8. Reference implementations¶
- Public reference: metabase/metabase — open-source BI tool;
docs/embedding/covers signed embedding, JWT token generation, and locked parameter configuration (200 OK ✓) - Public reference: apache/superset — open-source BI and data exploration platform;
superset/embedded/covers the Guest Token API used for multi-tenant embedding (200 OK ✓) - Public reference: grafana/grafana — open-source observability and analytics platform; useful reference for time-series embedded dashboards (200 OK ✓)

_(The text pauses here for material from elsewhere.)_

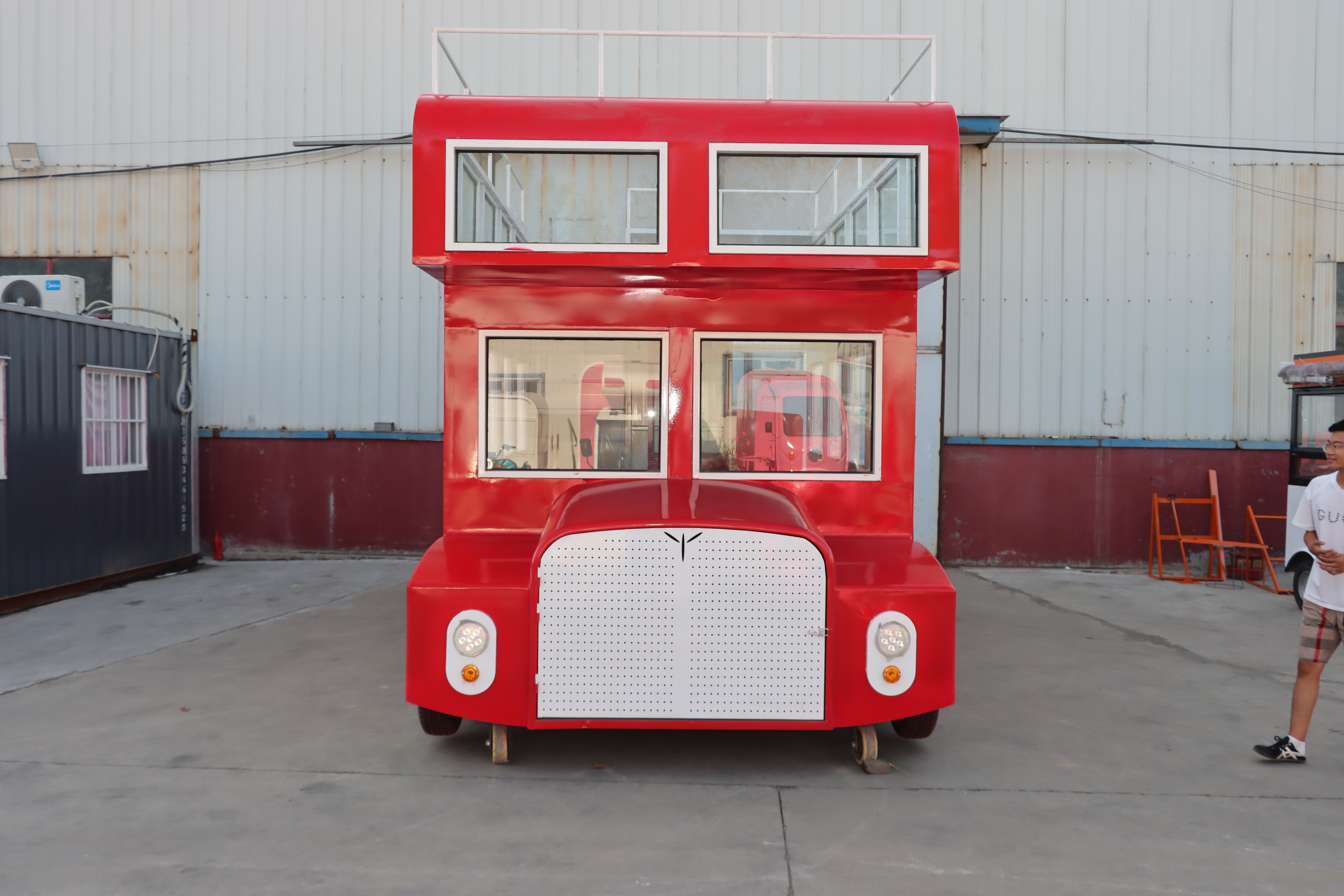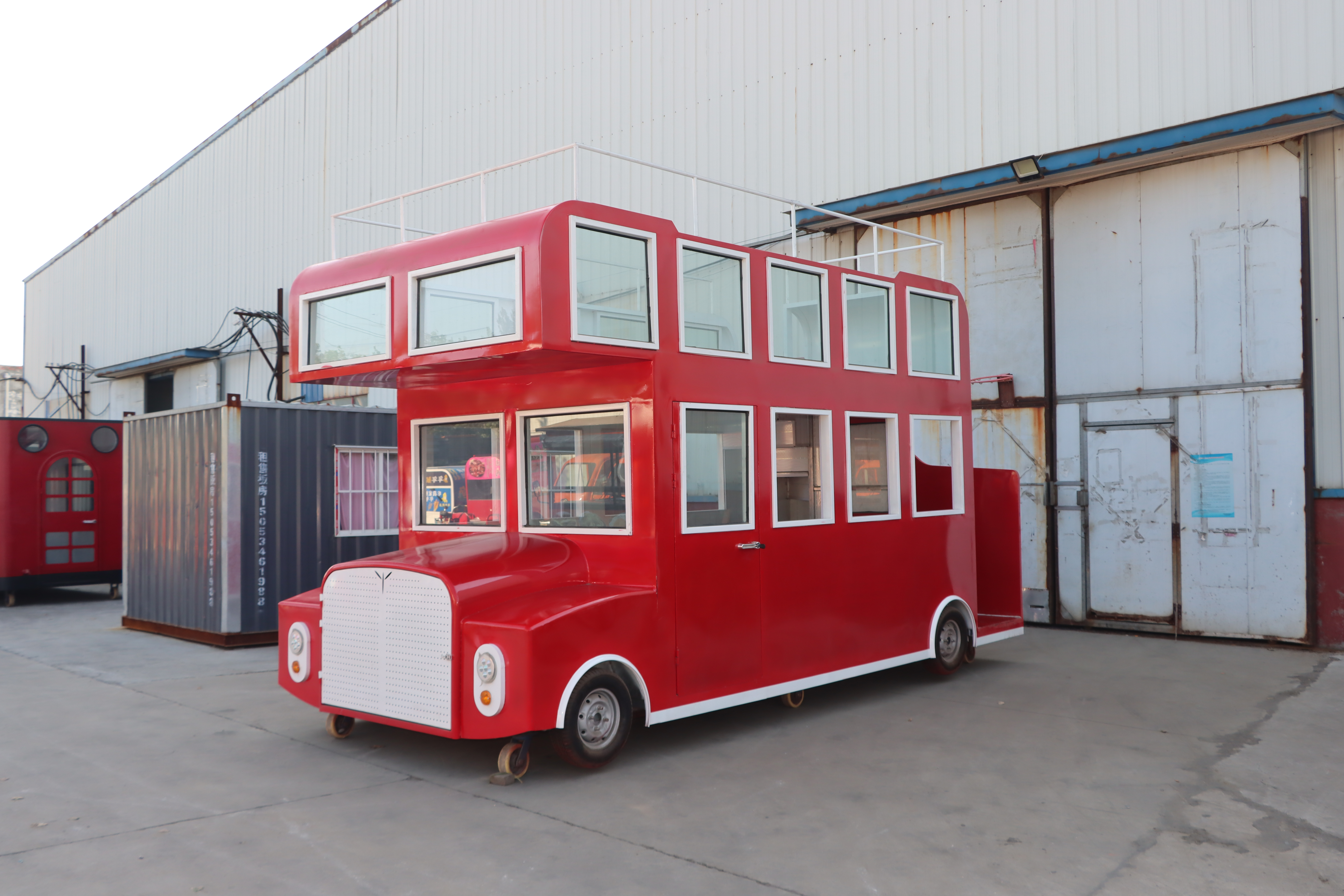双层巴士款式餐车,是一种集创意、实用与趣味性于一体的独特餐饮服务设施。这种餐车设计灵感源自经典的双层巴士,不仅保留了巴士原有的复古韵味和流线型外观,还巧妙地将其内部空间转化为两层就餐区域,为顾客带来前所未有的用餐体验。

- Internal case study: Add your anonymised internal example here
9. Related decisions (ADRs)¶
- No ADRs recorded yet. Candidate: Postgres vs ClickHouse analytics database choice — record when data volume forces a migration decision.
10. Known risks & gotchas¶
- Cross-tenant data leak through a misconfigured embed token — the
tenant_idlocked filter is absent or incorrectly set; one customer's dashboard returns another's data. Mitigation: write an automated integration test that generates tokens for two different tenants and asserts the query results are disjoint; run this test on every deployment — not just at launch. - Full-table-scan queries cause dashboard timeouts — the BI tool generates a query with no date-range filter on a 100M-row table; it takes minutes and times out. Mitigation: add default date-range filters to every dashboard; configure a 30-second query timeout in the BI tool's admin settings; ensure the analytics table is partitioned by date with a covering index.
- ETL lag shows stale data without customer disclosure — the sync job fails silently; the dashboard still renders but shows data from three days ago with no indication. Mitigation: display "Last updated: {timestamp}" on every dashboard (pulled from the ETL audit table); alert the engineering team when ETL lag exceeds the stated SLA.
- Embed URL leaks expose tenant data — a signed embed URL is copied from a browser tab and forwarded to an unauthorised person; the URL remains valid. Mitigation: set short embed token expiry (15 minutes maximum); never use unsigned "public embedding" for multi-tenant data; regenerate the token on every dashboard load via a server-side API call.
- BI tool upgrades break embedded dashboards — a Metabase or Superset minor version changes the embed URL schema or removes a chart type used in production dashboards. Mitigation: pin the BI tool version in Docker; run automated screenshot-comparison tests for the three most-used dashboards in CI; use a staged rollout (dev → staging → prod) for any BI tool upgrade.